Ever since Roe v. Wade legislation was passed in 1973, the right wing has been unrelenting in its efforts to ban abortions. Still, the majority of people in this country have consistently shown support for a woman's right to a safe, legal and accessible abortion.

So the anti-choice forces have shifted their strategy from trying to make abortion illegal to trying to make it impossible. While the most violent wing of the anti-choice movement has bombed clinics and assassinated doctors and clinic workers, others have worked at creating legislative barriers to abortion.

Thirty states have voted to ban late-term abortions, a rarely performed procedure reserved for difficult pregnancies that threaten the life of the mother.

The Seventh U.S. Circuit Court of Appeals just upheld Illinois and Wisconsin laws banning late-term abortions. However, history has shown us that the gains for our class have been made in spite of reactionary Supreme Court justices and presidential administrations. They have always been made through mass struggle.

In l991, "Operation Rescue" proclaimed a summer victory after closing down some clinics in Wichita, Ks. The following spring, they came to Buffalo and were met with "You are not in Wichita" signs and thousands of clinic defenders, including our gay and lesbian sisters and brothers, who drove them out of town without one clinic closing for a single day.

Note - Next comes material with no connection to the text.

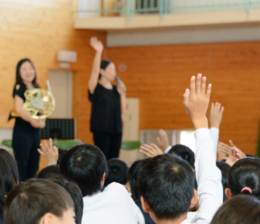 場所は主に学校の体育館になりますが、生徒の人数に応じて音楽室や教室など、最適な場所で公演致します。また、複数校での開催の場合、ホールや公民館での公演も可能ですが、使用料は別途必要になります。

Many activists learned that spring that while we couldn't depend on injunctions, police and federal marshals to keep our clinics open, we could depend on each other. We had the skills, the strength and the numbers we needed to stop these bigots.

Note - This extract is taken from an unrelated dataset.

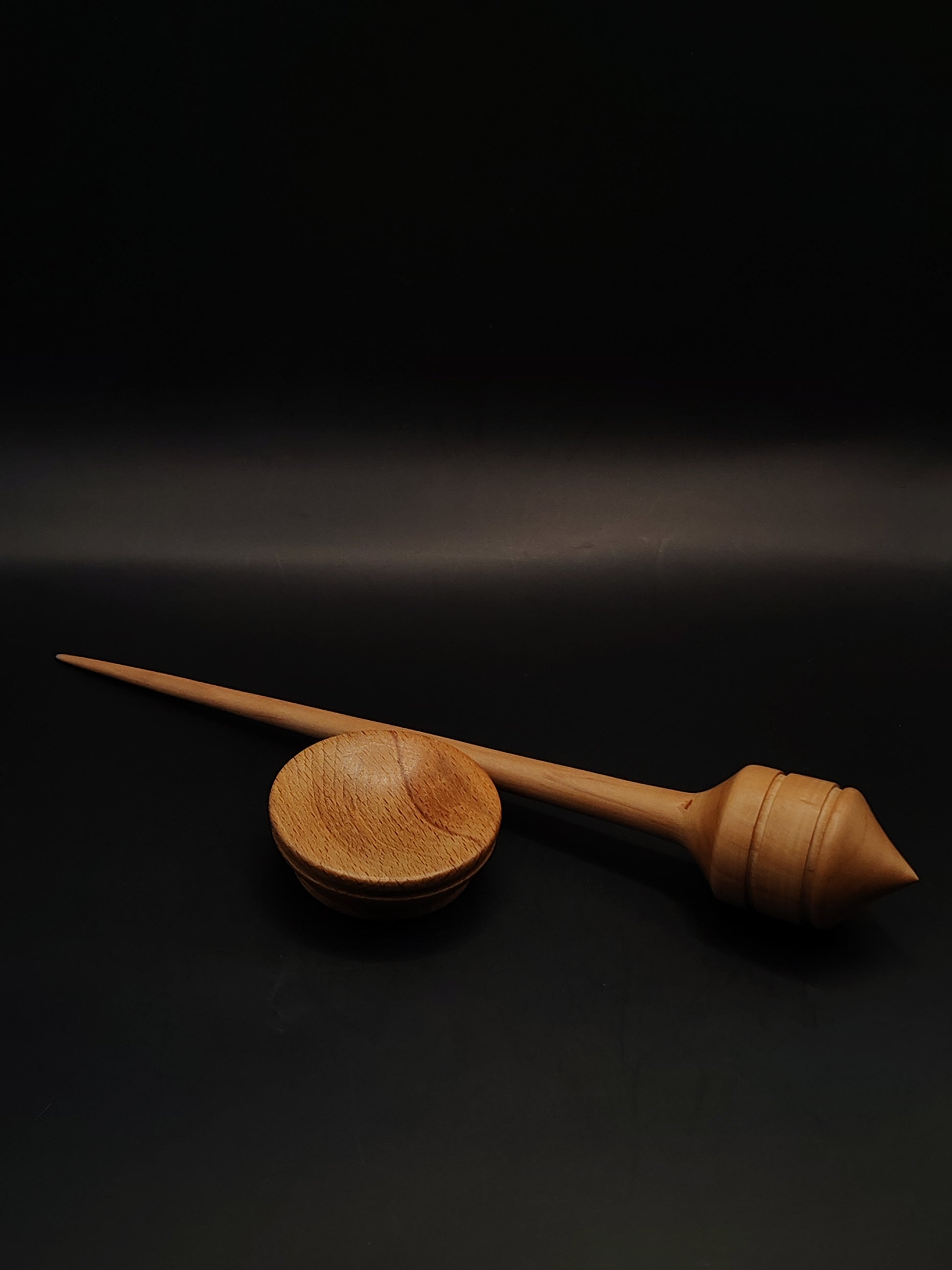 Bold, powerful, and visually distinctive, this artisan red support spindle set is designed for spinners who enjoy strong momentum and confident control. Both the spindle and the matching support bowl are crafted from red-toned wood, creating a cohesive and striking set.

Last fall, followiing the assassination of Dr. Bernard Slepian, a high ly respected gynecologist who performed abortions in Buffalo, anti-choice forces announced they were coming back to commemorate their attempts to close our clinics. This time they extended their threats to the lesbian gay, bi, and trans community.

Everyone took them seriously. By then we had witnessed the torture and murder of Mathew Sheppard and James Byrd Jr. and knew that gay and trans bashing had increased significantly.

At the first meeting of the reconstituted Buffalo United for Choice, everyone agreed that we needed a broad-based struggle against the right wing. In the weeks that followed gay and lesbian organizations stepped forward to provide funds for brochures and mailings. They joined the BUC steering committee and sent their members to the clinic defense lines. In return, when gay bars and individuals received threats, clinic defenders showed up at night as "Rainbow Peacekeepers" to defend the bars. The organization and tactics of the peacekeepers were modeled after clinic defense.

By the end of the week, the right wing left town again, without closing the clinic and without carrying out any act of violence against the gay and lesbian community. They left behind a stronger, more unified movement, with a gay and lesbian community that had organized its own defense and had moved out of its isolation.

Since the bigots left, physicians and clinic workers have continued to carry on their heroic work. The number of abortions being performed now is higher than a year ago. The University of Buffalo chapter of Medical Students for Choice is re-energized and has been successful in getting a lecture on abortion into the medical school curriculum.

During this mobilization, Workers World Party was instrumental in building a movement with more class consciousness. We organized a committee to focus on racism and brought in healthcare workers from the oppressed communities to mobilize. We discussed Mumia Abu-Jamal's defense at our meetings.

When we understand where our oppression comes from, when we understand the role of the state in capitalist society, when we understand how to come together to fight back, then we are very close to ending our oppression and building a new socialist society.